↓

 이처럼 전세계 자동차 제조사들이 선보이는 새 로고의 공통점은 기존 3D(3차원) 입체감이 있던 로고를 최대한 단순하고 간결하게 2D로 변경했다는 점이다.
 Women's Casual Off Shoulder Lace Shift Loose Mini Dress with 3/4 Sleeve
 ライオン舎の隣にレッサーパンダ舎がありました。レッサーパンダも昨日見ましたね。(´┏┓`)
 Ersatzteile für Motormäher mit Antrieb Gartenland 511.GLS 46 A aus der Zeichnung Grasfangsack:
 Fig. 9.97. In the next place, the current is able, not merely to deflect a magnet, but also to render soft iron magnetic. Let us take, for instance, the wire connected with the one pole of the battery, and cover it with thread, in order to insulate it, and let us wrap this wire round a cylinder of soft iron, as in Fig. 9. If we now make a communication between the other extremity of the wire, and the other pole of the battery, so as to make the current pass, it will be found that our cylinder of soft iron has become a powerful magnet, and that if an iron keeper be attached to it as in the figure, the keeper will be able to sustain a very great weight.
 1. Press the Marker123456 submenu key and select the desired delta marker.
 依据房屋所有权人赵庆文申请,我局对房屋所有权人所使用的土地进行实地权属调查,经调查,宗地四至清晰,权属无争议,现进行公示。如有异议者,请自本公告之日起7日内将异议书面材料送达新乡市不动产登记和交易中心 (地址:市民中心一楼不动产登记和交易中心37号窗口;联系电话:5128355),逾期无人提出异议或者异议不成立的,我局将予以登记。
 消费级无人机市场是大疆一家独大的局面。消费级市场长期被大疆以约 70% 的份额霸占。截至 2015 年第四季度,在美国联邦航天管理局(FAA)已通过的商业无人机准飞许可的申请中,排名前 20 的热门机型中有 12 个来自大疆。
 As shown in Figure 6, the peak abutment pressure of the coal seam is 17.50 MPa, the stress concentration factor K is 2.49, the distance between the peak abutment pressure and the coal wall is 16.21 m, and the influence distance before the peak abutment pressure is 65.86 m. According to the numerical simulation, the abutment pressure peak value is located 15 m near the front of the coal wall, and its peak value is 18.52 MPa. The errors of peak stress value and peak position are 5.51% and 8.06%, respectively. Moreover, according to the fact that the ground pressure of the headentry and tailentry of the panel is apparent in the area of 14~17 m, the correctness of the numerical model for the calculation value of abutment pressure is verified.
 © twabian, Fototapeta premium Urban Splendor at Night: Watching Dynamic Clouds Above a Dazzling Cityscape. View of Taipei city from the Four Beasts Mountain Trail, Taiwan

↑
↓

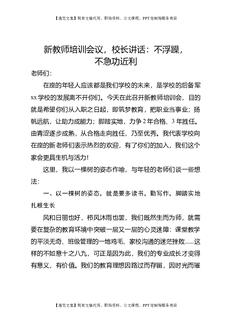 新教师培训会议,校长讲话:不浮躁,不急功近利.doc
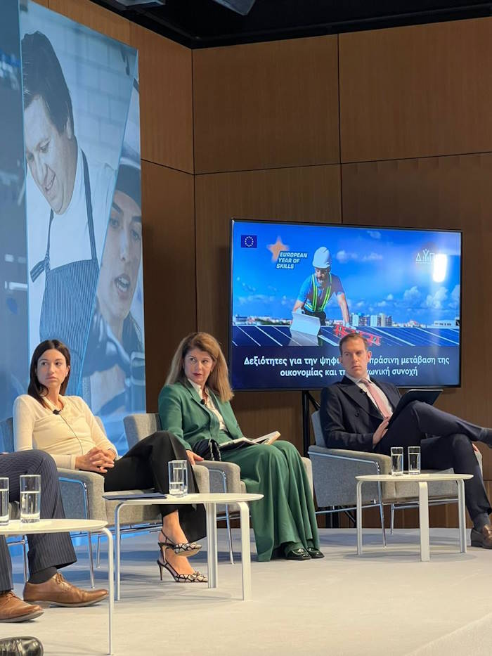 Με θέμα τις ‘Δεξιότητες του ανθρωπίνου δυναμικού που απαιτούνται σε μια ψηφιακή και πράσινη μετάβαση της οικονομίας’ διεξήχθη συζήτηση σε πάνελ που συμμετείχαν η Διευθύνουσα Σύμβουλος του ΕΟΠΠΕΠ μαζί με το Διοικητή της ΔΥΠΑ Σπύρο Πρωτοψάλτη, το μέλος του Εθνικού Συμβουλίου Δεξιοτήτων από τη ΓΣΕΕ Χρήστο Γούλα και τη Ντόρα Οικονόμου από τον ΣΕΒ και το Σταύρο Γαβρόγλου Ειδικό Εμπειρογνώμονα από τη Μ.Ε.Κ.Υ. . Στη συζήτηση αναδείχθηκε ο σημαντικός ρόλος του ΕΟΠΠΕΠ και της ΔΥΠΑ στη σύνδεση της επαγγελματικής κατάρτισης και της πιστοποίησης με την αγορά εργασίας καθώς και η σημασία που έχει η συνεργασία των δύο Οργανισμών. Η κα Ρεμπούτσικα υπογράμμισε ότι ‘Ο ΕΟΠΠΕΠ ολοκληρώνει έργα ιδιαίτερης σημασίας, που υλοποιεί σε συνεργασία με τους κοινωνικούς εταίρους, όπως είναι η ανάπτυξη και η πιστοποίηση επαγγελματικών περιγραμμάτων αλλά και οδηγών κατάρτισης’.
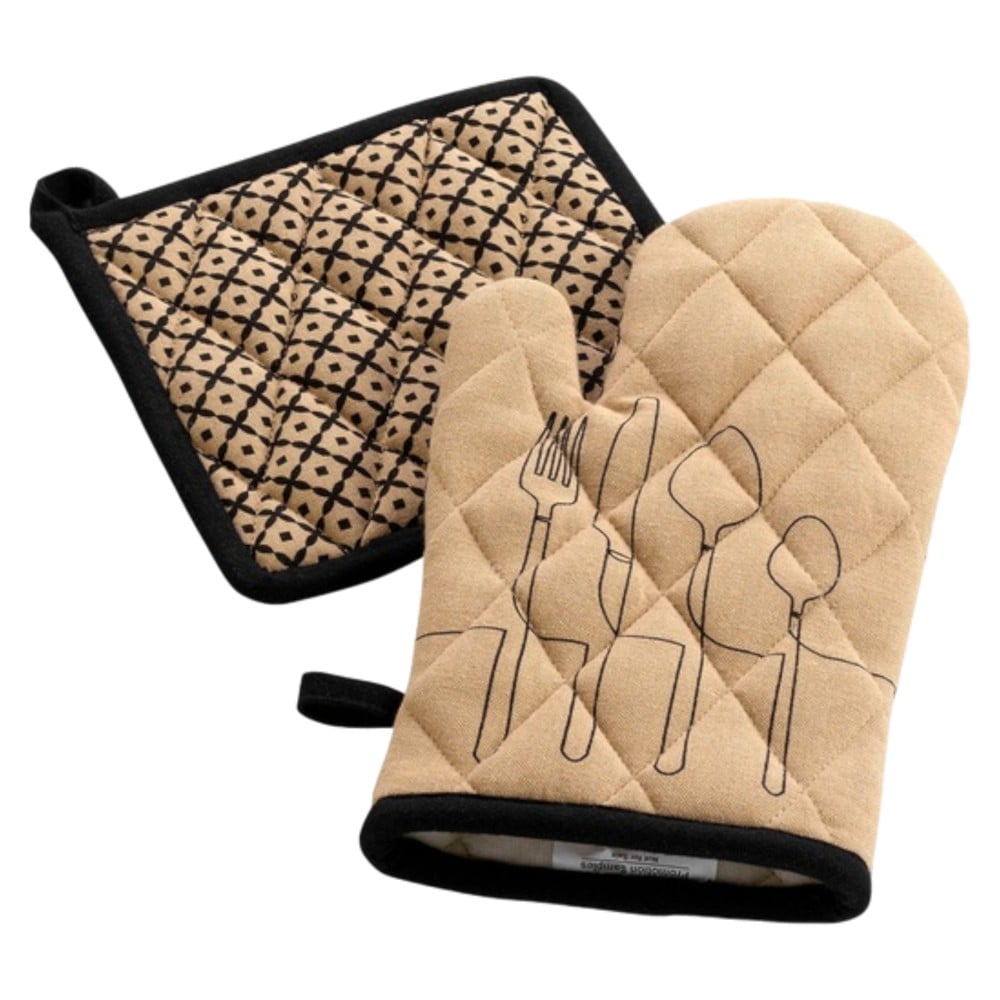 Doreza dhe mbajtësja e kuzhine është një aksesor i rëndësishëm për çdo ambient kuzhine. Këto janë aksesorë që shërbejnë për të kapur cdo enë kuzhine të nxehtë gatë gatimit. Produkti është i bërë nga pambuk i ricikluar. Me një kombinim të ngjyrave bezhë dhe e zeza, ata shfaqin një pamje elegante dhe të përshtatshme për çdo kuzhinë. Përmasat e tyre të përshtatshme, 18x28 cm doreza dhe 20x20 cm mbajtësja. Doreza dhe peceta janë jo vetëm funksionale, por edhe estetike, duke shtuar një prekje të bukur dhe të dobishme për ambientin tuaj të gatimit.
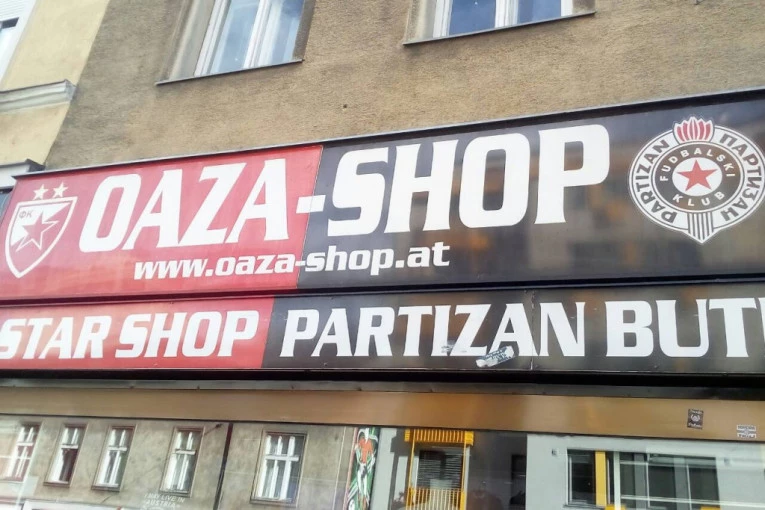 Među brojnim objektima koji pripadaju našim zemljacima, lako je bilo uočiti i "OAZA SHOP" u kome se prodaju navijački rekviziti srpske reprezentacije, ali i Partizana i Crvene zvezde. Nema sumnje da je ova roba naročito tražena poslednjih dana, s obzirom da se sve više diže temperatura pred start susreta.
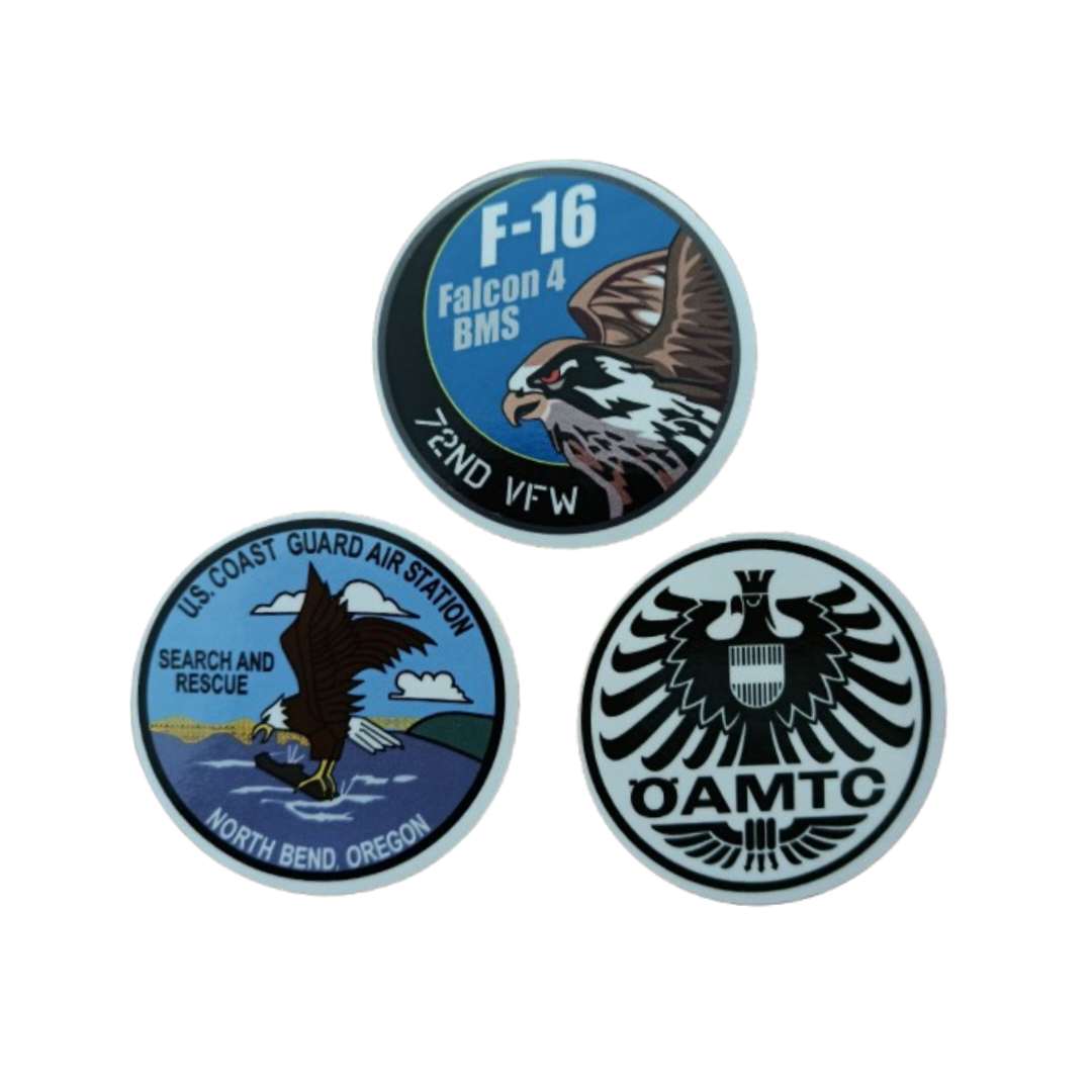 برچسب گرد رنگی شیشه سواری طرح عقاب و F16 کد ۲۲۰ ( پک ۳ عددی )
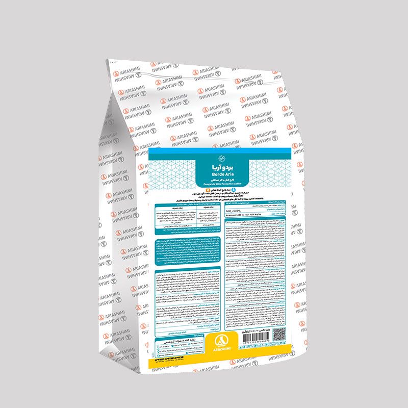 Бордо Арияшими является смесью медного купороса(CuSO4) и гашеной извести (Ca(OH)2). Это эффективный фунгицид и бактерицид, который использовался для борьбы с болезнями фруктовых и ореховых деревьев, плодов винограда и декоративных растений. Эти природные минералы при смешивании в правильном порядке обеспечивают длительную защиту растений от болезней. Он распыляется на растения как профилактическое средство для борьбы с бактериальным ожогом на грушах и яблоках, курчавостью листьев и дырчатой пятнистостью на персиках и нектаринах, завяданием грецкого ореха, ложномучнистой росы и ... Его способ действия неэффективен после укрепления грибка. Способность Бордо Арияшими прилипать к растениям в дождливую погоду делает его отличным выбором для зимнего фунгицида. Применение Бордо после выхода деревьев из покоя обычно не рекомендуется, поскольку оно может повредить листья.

↑
↓

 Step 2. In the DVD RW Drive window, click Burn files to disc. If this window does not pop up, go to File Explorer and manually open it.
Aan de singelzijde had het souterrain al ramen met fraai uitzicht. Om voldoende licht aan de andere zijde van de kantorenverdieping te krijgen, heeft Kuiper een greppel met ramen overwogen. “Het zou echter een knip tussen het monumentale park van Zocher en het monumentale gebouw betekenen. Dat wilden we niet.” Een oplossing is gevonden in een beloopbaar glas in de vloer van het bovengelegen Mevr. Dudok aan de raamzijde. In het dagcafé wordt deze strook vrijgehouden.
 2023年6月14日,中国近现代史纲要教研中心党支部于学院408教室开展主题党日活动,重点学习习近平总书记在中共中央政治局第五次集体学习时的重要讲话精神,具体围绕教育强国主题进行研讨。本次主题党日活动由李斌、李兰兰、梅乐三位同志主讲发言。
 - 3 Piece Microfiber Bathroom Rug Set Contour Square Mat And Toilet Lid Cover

↑

_Prompt_
Beginning at the line that has "新教师培训会议,校长讲话:不浮躁,不急功近利.doc" and ending at the line that has "Με θέμα τις", restate the listing above word for word, pictures left out.

_Solution to the exercise_
 新教师培训会议,校长讲话:不浮躁,不急功近利.doc
 Με θέμα τις ‘Δεξιότητες του ανθρωπίνου δυναμικού που απαιτούνται σε μια ψηφιακή και πράσινη μετάβαση της οικονομίας’ διεξήχθη συζήτηση σε πάνελ που συμμετείχαν η Διευθύνουσα Σύμβουλος του ΕΟΠΠΕΠ μαζί με το Διοικητή της ΔΥΠΑ Σπύρο Πρωτοψάλτη, το μέλος του Εθνικού Συμβουλίου Δεξιοτήτων από τη ΓΣΕΕ Χρήστο Γούλα και τη Ντόρα Οικονόμου από τον ΣΕΒ και το Σταύρο Γαβρόγλου Ειδικό Εμπειρογνώμονα από τη Μ.Ε.Κ.Υ. . Στη συζήτηση αναδείχθηκε ο σημαντικός ρόλος του ΕΟΠΠΕΠ και της ΔΥΠΑ στη σύνδεση της επαγγελματικής κατάρτισης και της πιστοποίησης με την αγορά εργασίας καθώς και η σημασία που έχει η συνεργασία των δύο Οργανισμών. Η κα Ρεμπούτσικα υπογράμμισε ότι ‘Ο ΕΟΠΠΕΠ ολοκληρώνει έργα ιδιαίτερης σημασίας, που υλοποιεί σε συνεργασία με τους κοινωνικούς εταίρους, όπως είναι η ανάπτυξη και η πιστοποίηση επαγγελματικών περιγραμμάτων αλλά και οδηγών κατάρτισης’.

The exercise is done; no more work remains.